I heart me then I heart you

Love Yourself First


By Amina Cisse Muhammad




When I speak of self-love, I do not mean self-centeredness, conceit, or boastful arrogance. These are all extreme attributes. We recognize that any positive attribute can become unhealthy when it shifts to the extreme.

Rather, I am referring to the feeling of self-worth and self-acceptance, both recognized as components of a person's ability to effectively function and co-exist in society.

Growing up, most of us heard a thousand times how it is better to give than to receive. That's true, but in the process of giving, some of us (particularly, I would say, women and mothers) get so used to selflessly giving to others that we forget about giving to ourselves.

Over the years, I have tended to neglect myself to a fault while taking care of others. However, we know from both the Quran and Hadith that we have obligations to ourselves as well — obligations to nourish our souls, minds, and bodies with the bountiful resources that Allah has blessed us with.

Also we have an obligation to get proper sleep, to exercise, to strive for our sustenance. In fact, taking care of ourselves actually helps us draw closer to Allah and better serve His creation.

While I could not find much written about the Islamic perspective on self-love, most of us are familiar with the saying, "We cannot know (or worship) Allah until we know ourselves."

Self-knowledge requires positive self-regard and self-acceptance.
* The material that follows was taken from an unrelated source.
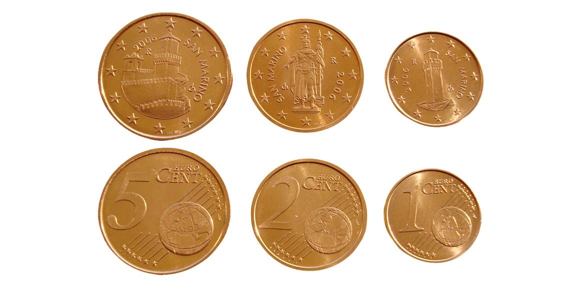 Na monetach 1, 2 i 5 centów przedstawione są – odpowiednio – trzecia wieża twierdzy w San Marino, Statua Wolności i pierwsza wieża.

A person who is afflicted with feelings of negative self-worth, and self-doubt is not at peace to optimally worship Allah.

There is a considerable body of literature on the importance of self-love from the perspective of psychologists, psychotherapists, and spiritual teachers. Self-love is a crucial aspect of self-esteem, which psychologist Abraham Maslow recognized as a higher need in his hierarchy of human needs.

Life coach Cathy Holloway Hill also speaks to the spiritual aspect of self-love, which she defines as:

Inner peace, a connection with God... a condition of awareness, a way of perceiving, an attitude, which results in an integrated perception of the world, and in turn, a perception of your connection with God” and the restoration of our innate spiritual center so that “love from our Divine Creator flows freely into our body, minds, emotional bodies and spirit. Love is (then) expressed outwardly towards others and oneself as a natural flow.

If asked, the majority of us would say we love ourselves. However, upon examining our overall behavior and our lives, we might conclude that our feelings of self-worth leave something to be desired.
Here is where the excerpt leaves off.